We've detected that you're using an ad content blocking browser plug-in or feature. Ads provide a critical source of revenue to the continued operation of Silicon Investor.  We ask that you disable ad blocking while on Silicon Investor in the best interests of our community.  If you are not using an ad blocker but are still receiving this message, make sure your browser's tracking protection is set to the 'standard' level.
Biotech / Medical : VD's Model Portfolio & Discussion Thread

 Public ReplyPrvt ReplyMark as Last ReadFilePrevious 10Next 10PreviousNext  
To: Boyce Burge who wrote (4462)3/23/1998 6:07:00 PM
From: Biomaven  Read Replies (1) of 9719
 
<<CBMI - Stryker news was a little disappointing... though the methods (OP-1 vs autotransplant) were "equivalent" the X-ray data tended to favor autotransplant>>

There seem to be two things going on here:

A. Neither group did as well as predicted when measured by the x-ray evidence.

... But Stryker said follow-up x-ray analysis of the
fracture repairs -- for both OP-1 and autograft patients -- did
not meet the success target set before the trial began.
"The blinded radiographic assessment by an independent
panel of radiologists showed that neither group achieved the
predicted level of cortical bridging," Stryker said.

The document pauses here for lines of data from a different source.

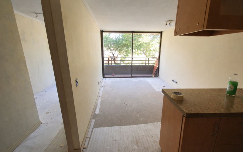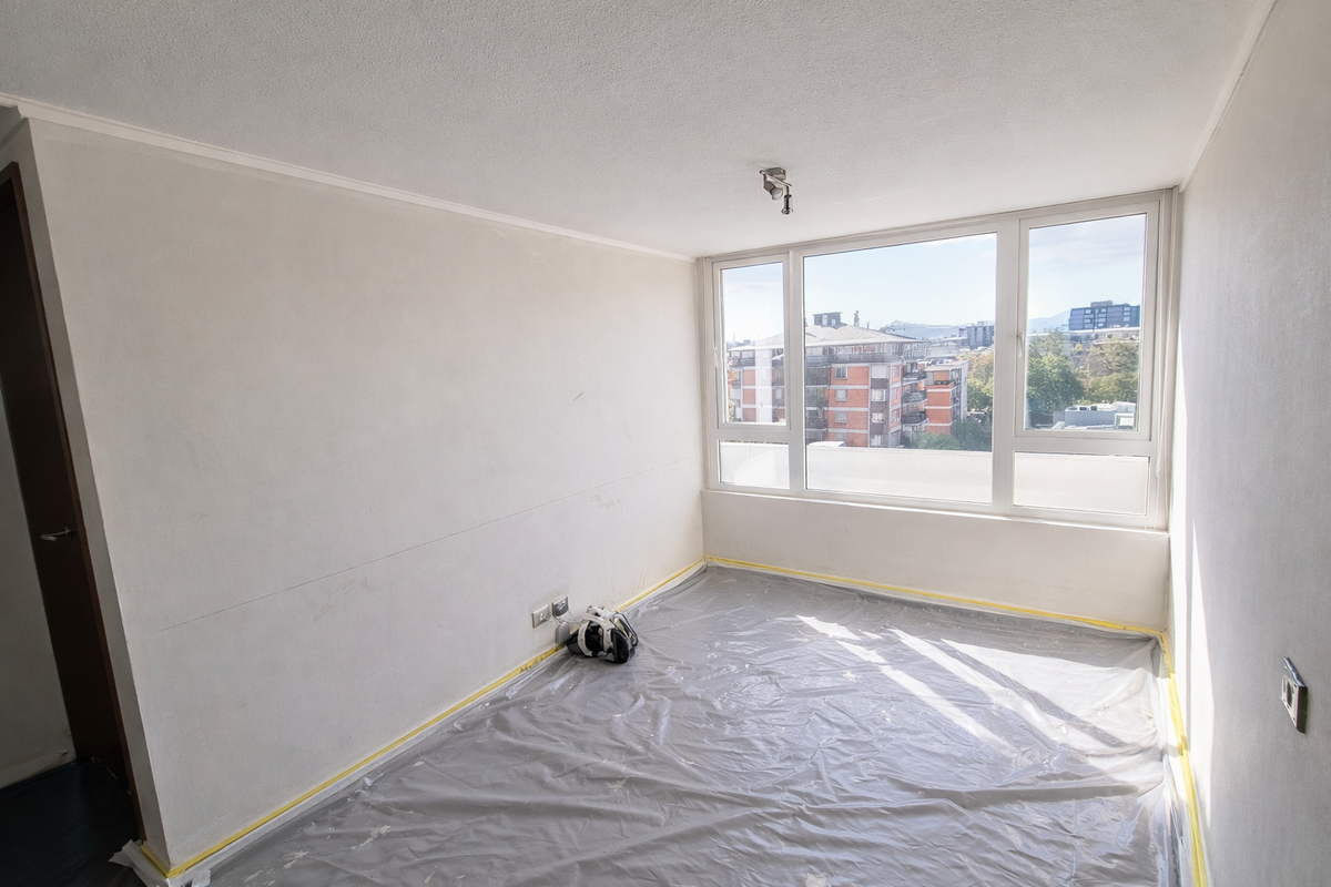 Proyecto de renovación interior ejecutado en departamento ubicado en la comuna de Providencia, contemplando retiro de papel mural existente, empaste de muros y pintura completa de cielos y pintura de muros.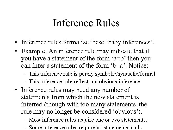 Inference Rules • Inference rules formalize these ‘baby inferences’. • Example: An inference rule may indicate that if you have a statement of the form ‘a=b’ then you can infer a statement of the form ‘b=a’. Notice: – This inference rule is purely symbolic/syntactic/formal – This inference rule reflects an obvious inference • Inference rules may need any number of statements from which the new statement is inferred (though with too many statements, the rule may no longer be considered ‘obvious’). – Most inference rules require one or two statements. – Some inference rules require no statements at all.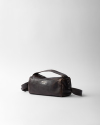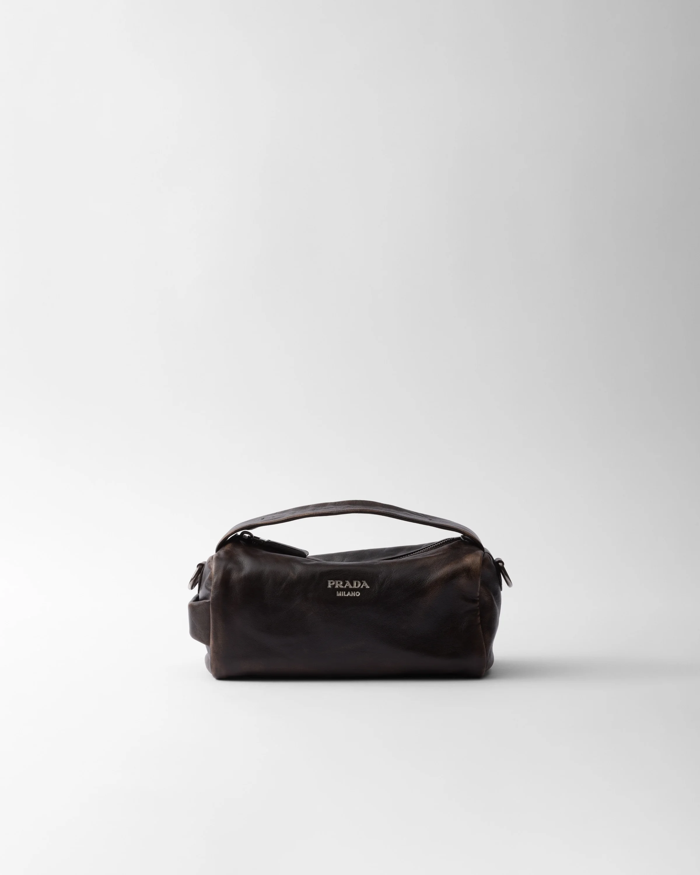 This stylish, compact bag is inspired by vintage shapes and details, beautifully blending urban style with minimalist touches. The Nappa leather, emphasized by a distressed finish, adds a soft and unique look to the accessory, embellished with the metal lettering logo. - Product code: 2VH188_2C75_F0003_V_DOO - Handle on the side - Detachable and adjustable leather handle with buckle. Maximum length 122 cm - Minimum length 102 cm - Maximum drop 56 cm - Minimum drop 46 cm - Printed logo on the front - Zipper closure - Inside pocket - Nappa lining - Imported Height: 11cm Width: 24cm Length: 11cm MATERIALS Main material: Lambskin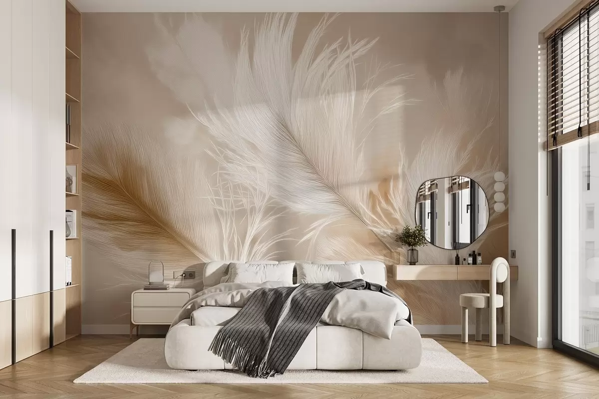 Murais de parede Penas voadoras em um fundo bege Nr. w09102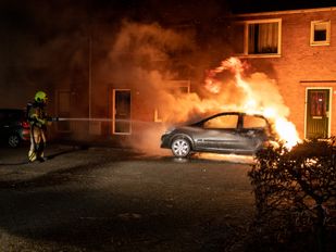 · Blussen moest met beleid gebeuren omdat ook de brandstof in de auto vlam had gevat. Brandstichting wordt niet uitgesloten.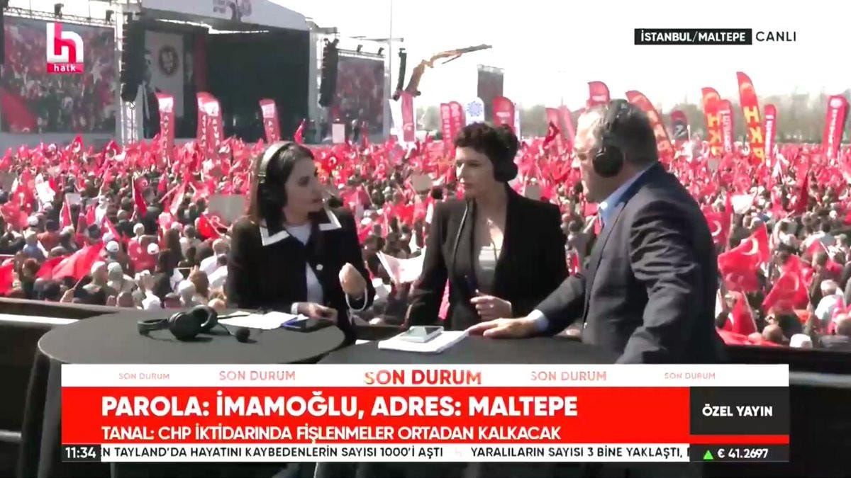 Dün İstanbul Maltepe'de gerçekleşen CHP mitinginde canlı yayına geçen Halk TV ekranlarında dikkat çeken diyaloglar yaşandı.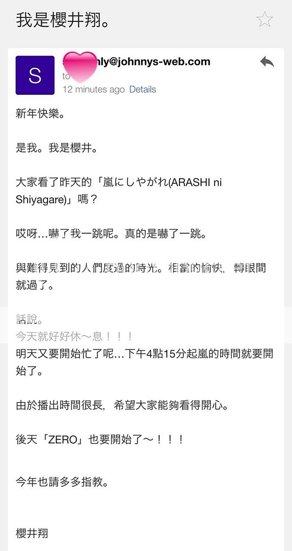 然後1月1日依舊是嵐的休息日所以新一年的第一天一定要好好休息,充足了電來迎接2016年的忙碌喔~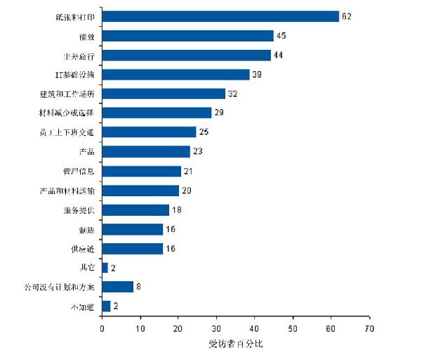 大多數企業都集中在相對容易、方便并熟悉的方面來提高能效、減少溫室氣體排放,如在節約用紙,減少差旅及IT基礎設施上。這些舉措有時能解決企業的實質問題,有時卻不能解決實質問題。但本質上,這些舉措都與優先次序沒有多大關系。IT企業需在能效和減少溫室氣體排放方面采取更為綜合的舉措。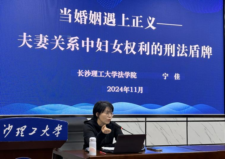 11月28日晚七点,william威廉中文官网法学院宁佳老师,在金盆岭校区作题为“当婚姻遇上正义:夫妻关系中妇女权利的刑法盾牌”的通识教育讲座。本次讲座主要围绕夫妻关系中妇女权利的刑法保护进行阐述。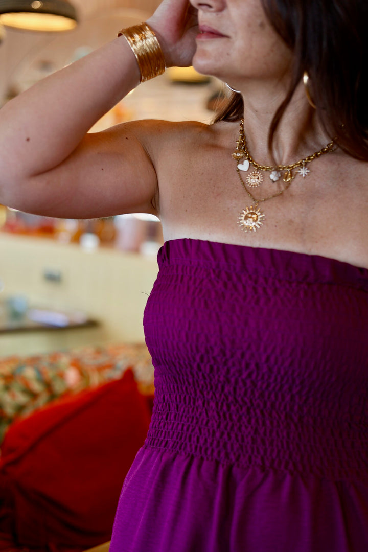 - Version A : un bustier entièrement smocké, maintenu en haut par un élastique coulissé pour un look à la fois flatteur et confortable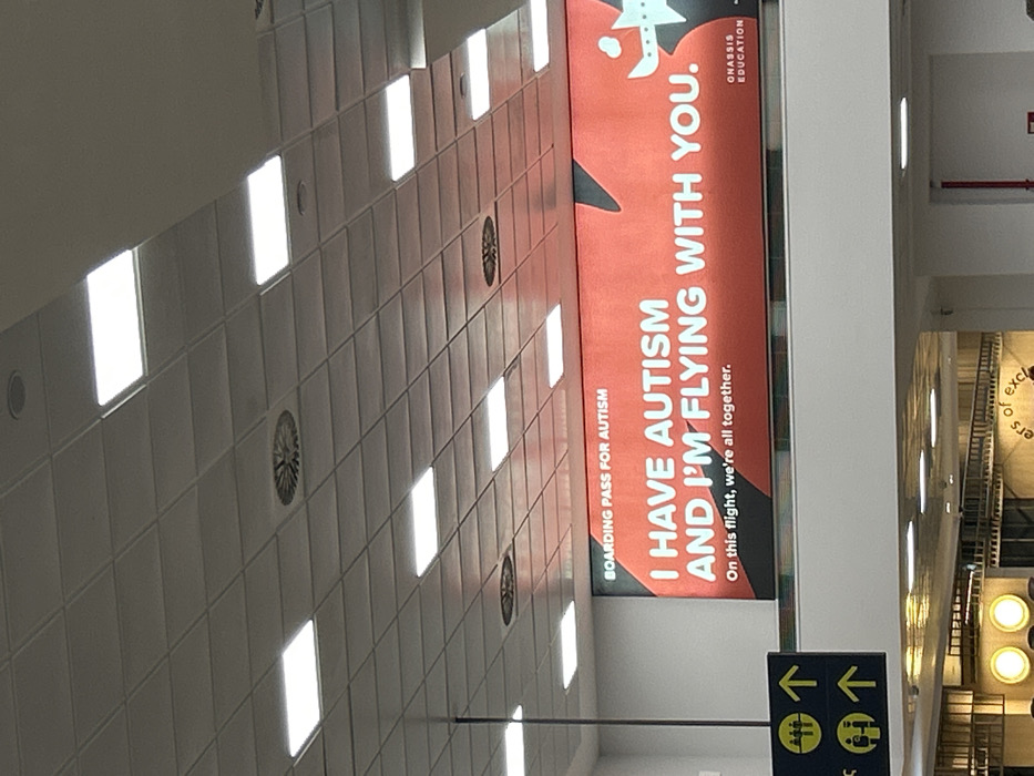This image displays the interior of Corfu International Airport "Ioannis Kapodistrias" (CFU) in Corfu, Greece. A large, prominent digital billboard is centered, featuring a red background with white text. The primary message reads: "BOARDING PASS FOR AUTISM", "I HAVE AUTISM AND I'M FLYING WITH YOU.", and "On this flight, we're all together." The lower right corner of the billboard includes the "ONASSIS EDUCATION" logo and a white pictogram of an airplane with a small human figure inside. Above the billboard, a white grid ceiling is visible, fitted with numerous rectangular LED light panels and several circular air diffusers. To the left of the billboard, a black and yellow directional sign is mounted, displaying two upward-pointing arrows alongside white pictograms depicting groups of people (three people and two people). A dark, vertical structural column is partially visible along the far left edge of the frame. The lower portion of the image shows the upper section of a lower level of the airport terminal, with indistinct architectural details and partial text from another distant sign. No identifiable individuals or specific actions are discernible.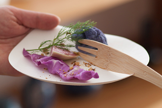 竹製のナイフとフォークを添えて、、、是非ご賞味ください。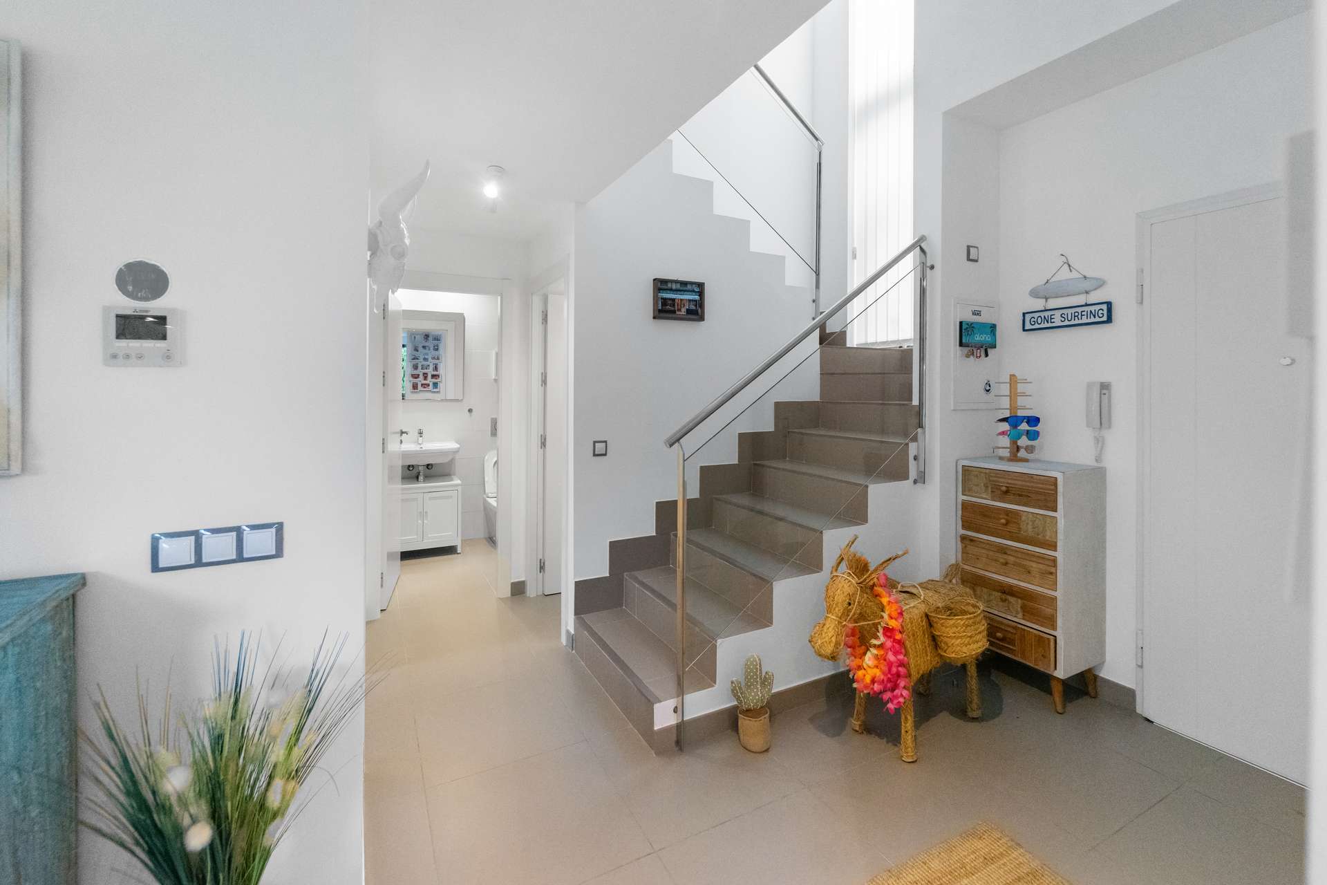 There are a total of three bedrooms, one of which is on the lower living level, as well as three stylish bathrooms. In addition to the central heat pump and air conditioning, all bathrooms are also equipped with electric underfloor heating, which ensures a pleasant indoor climate all year round.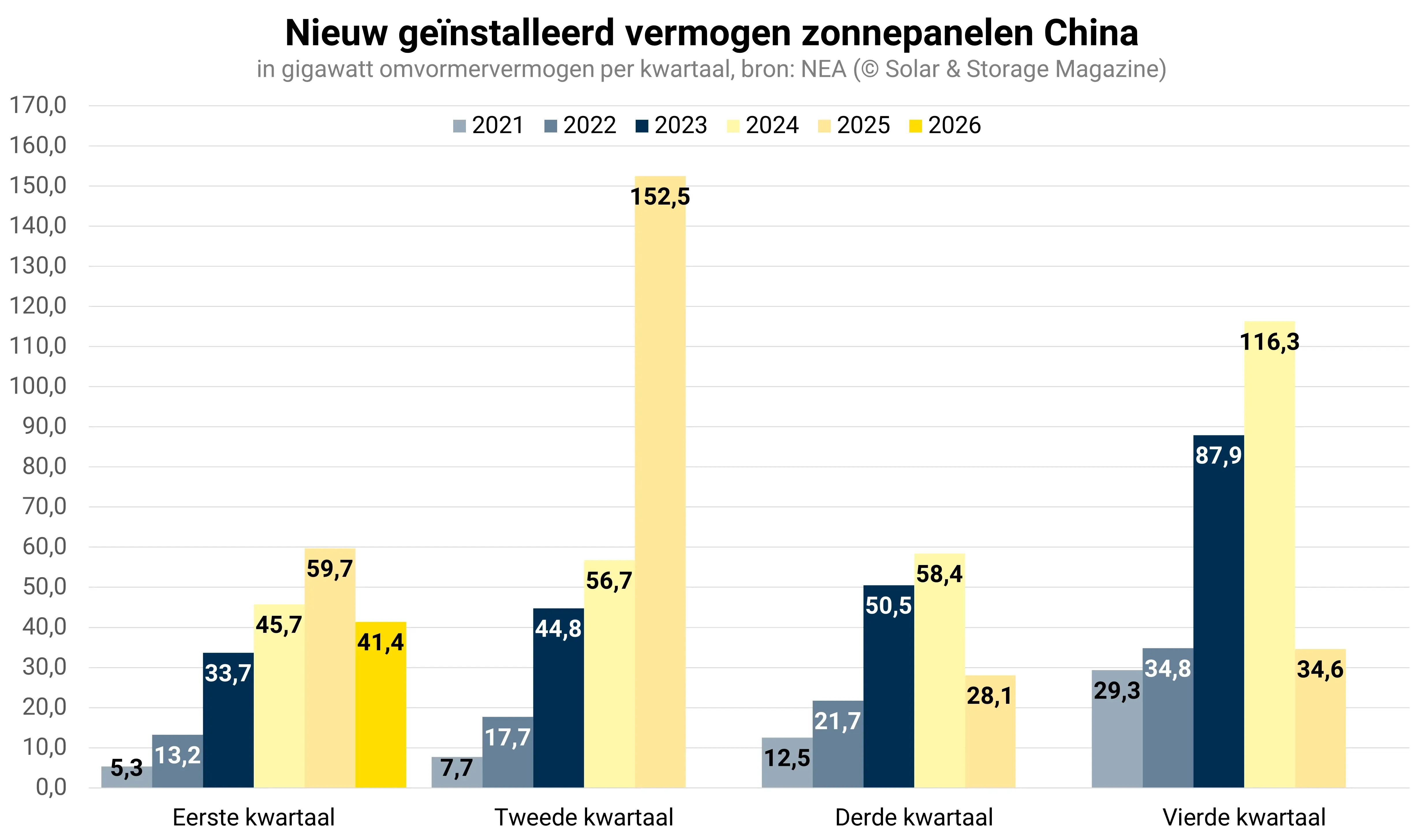Het is volgens de National Energy Administration (NEA) de eerste keer in 5 jaar tijd dat de kwartaalcijfers voor zonne-energie in China dalen. Vorig jaar breidde het land zijn capaciteit uit met een record van 315,07 gigawatt omvormervermogen. Die hausse kwam door de haast om projecten voor 1 juni 2025 aan te sluiten, de datum waarop het land overstak op een marktsysteem met veilingen in plaats van vaste tarieven.

B. Autograft did 10% better long term as measured by x-ray:

... The postoperative x-rays immediately following surgery showed a bias toward the autograft group because the transplanted autograft bone is radiodense, in contrast to the OP-1 Device which is transparent to x-rays. The radiographs improved for both groups at comparable rates throughout the 24 month follow-up period, however, radiographic assessment of the number of patients with cortical bridging remained approximately 10% higher for the autograft group. Dr. Muschler noted that there is no evidence in the data to suggest that the radiographic differences observed resulted in a difference in clinical return to function or increase in re-operation.
-------

Now "A" seems irrelevant to me unless there's some third treatment which is better than either.

"B" is more of a concern for CBMI. However I recall reading that a H&Q analyst has pointed out that x-ray evidence can be deceptive here, because the autograft can look better on the x-ray than it really is. (I guess you can get a solid chunk of bone that isn't actually well connected.)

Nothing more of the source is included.